By DEIRDRE CRIMMINS
In the aquatic body horror film THE BEACH HOUSE, writer/director Jeffrey Brown keeps his cards close to his chest. Transplanting the typical cabin in the woods to a vacation home during the off-season means plenty of isolation in unfortunate proximity to the ocean. Though the film has been streaming on Shudder since July, it is now finally getting its physical release thanks to RLJE Films. We recently got to pick Brown’s brain about how he constructed one of the more terrifying films of 2020.
How did you choose the location for THE BEACH HOUSE? As a New Englander, it looks very specific to me, but it also works on multiple levels.
I’ve done locations on movies for about 20 years. The initial idea came from the Jersey shore. Even though the Jersey shore portrayed on the reality show has one look, there are sections that have these nice, big, old beach houses. A production designer friend of mine and I were there in an old beach house, and we thought it was such a great location; we should figure out how to make a movie in an old beach house. Between writing and scouting and shooting was a long period. I went to look at the Jersey shore, both forks of Long Island, and Cape Cod. Cape Cod has these traditional beach houses. Through luck and through our producers we wound up there. In the off-season it has this gray, Edward Hopper-esque look. When we were shooting it we said it was, “Edward Hopper goes to hell.” This look worked very well for the script.

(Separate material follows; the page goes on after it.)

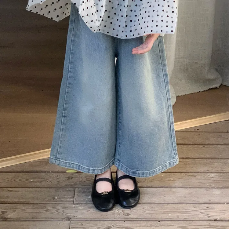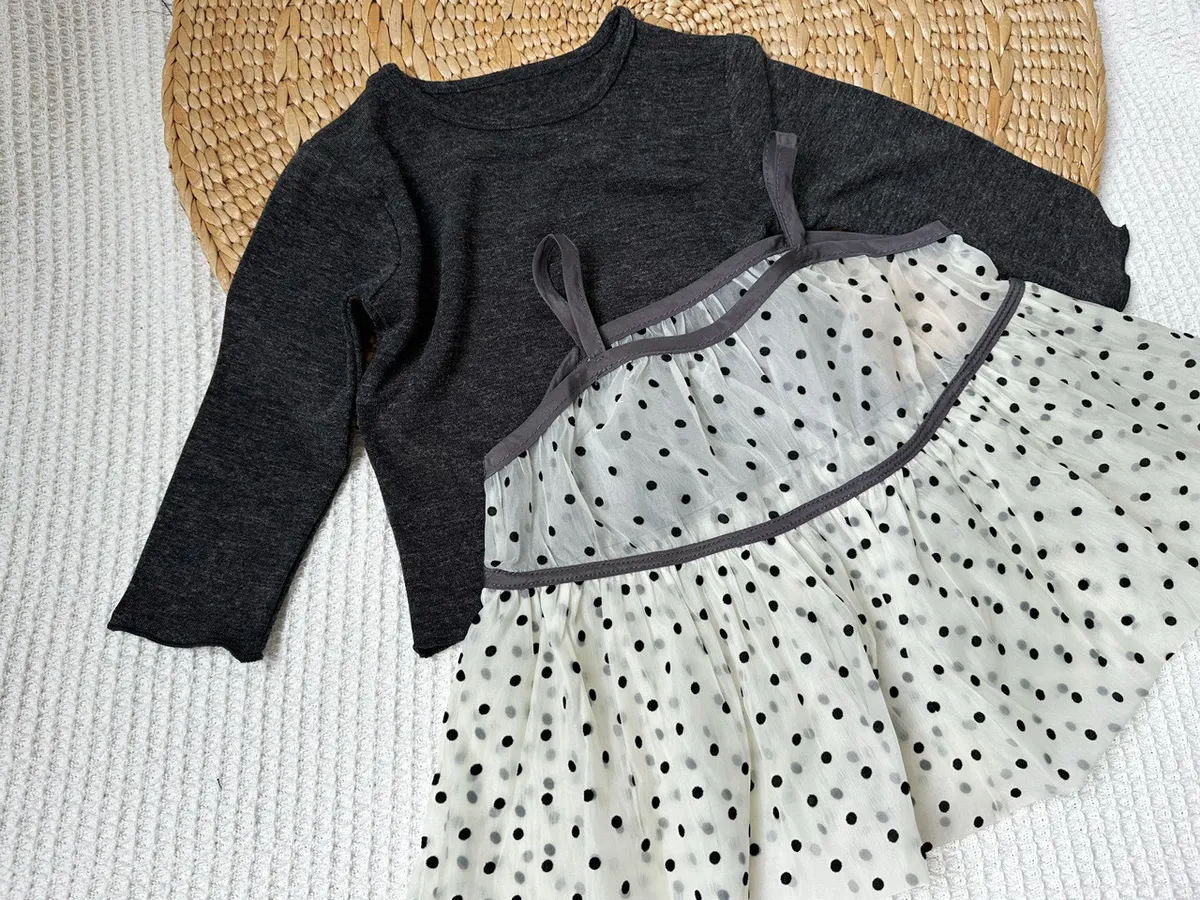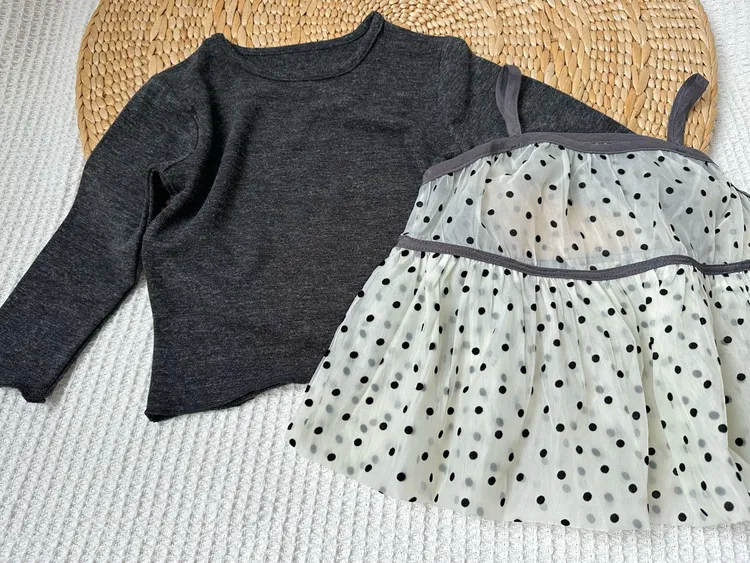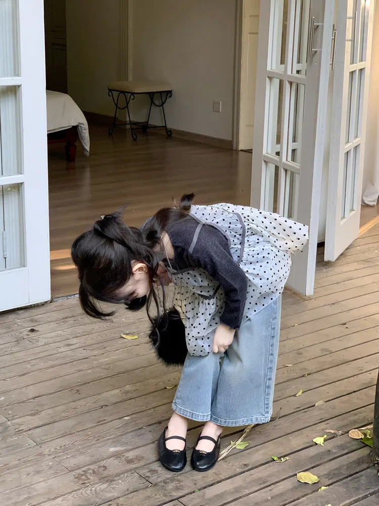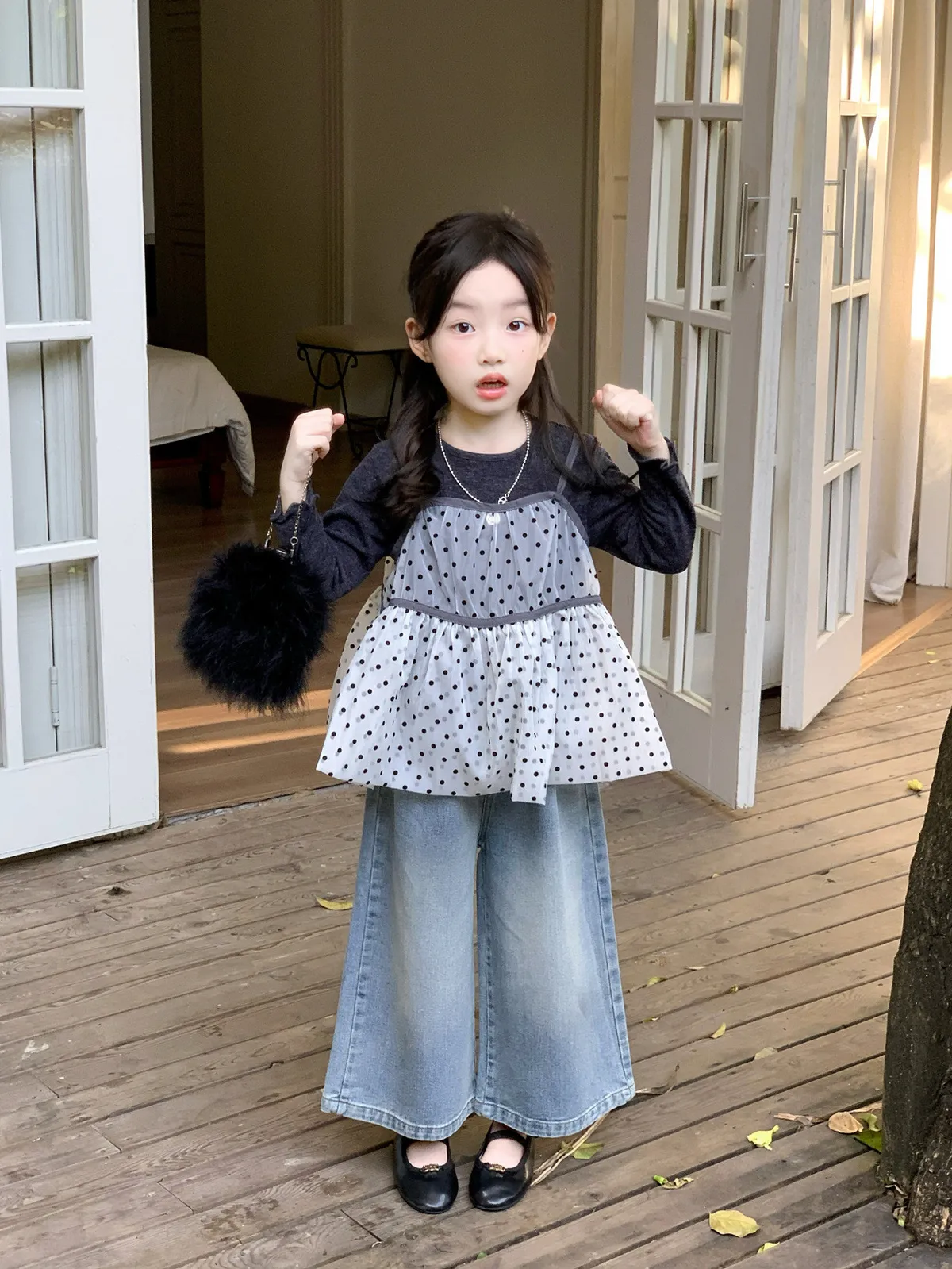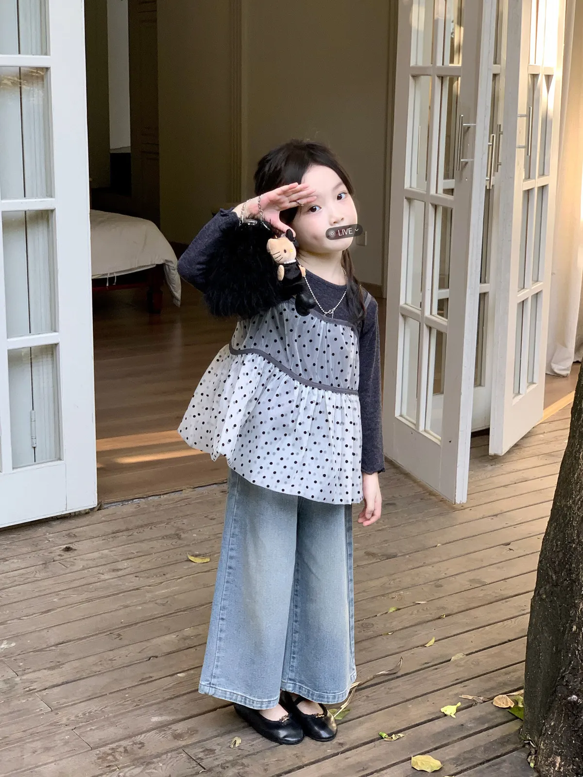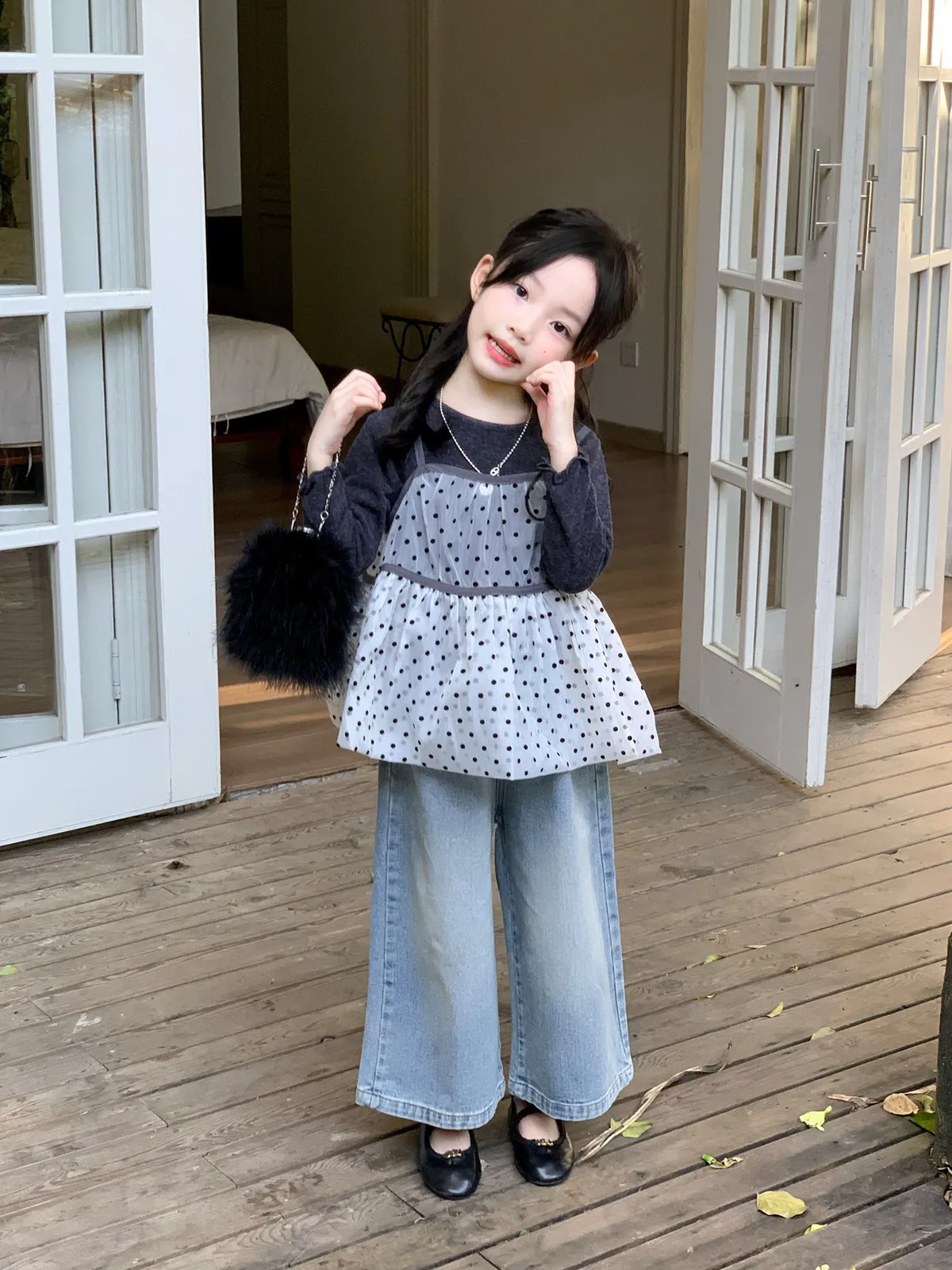 [90-140碼]日系疊穿兩件式圓點上衣/刷白牛仔寬褲

Aside from the location, where did the idea for THE BEACH HOUSE come from?
I came from working on low-budget, independent movies. We reverse-engineered the script, which I would not recommend. It was one location and four people. In the end, of course, there are more locations. This is one of the harder scripts I’ve had to work on because it is so easy to get out of those constraints, but we didn’t want to do that. It is a blend of the mumblecore, handheld, character-driven indie film, with cosmic horror, science fiction. That evolved over time. In my initial script, you didn’t really know what was going on. I did some research on astrobiology, which is a newer field and a bit of a mishmash of different fields. There is geology, biology, chemistry, genetics, all sorts of things. There is a sense of deep time and deep history. At the same time I was reading Lovecraft –The Colour Out of Space specifically – and the sense of cosmic horror and how insignificant we are. I found it scary that this sensibility from the 1910s and 1920s, when science was moving into horror rather than gothic horror. This really pertains to climate change. The mindset of Lovecraft and Arthur Machen, grafted onto climate change, through contemporary science, felt like a natural fit to me. The bottom line is, I wanted to make something I hadn’t seen before in a movie. I think people make movies that they aren’t seeing, and I wanted to see this.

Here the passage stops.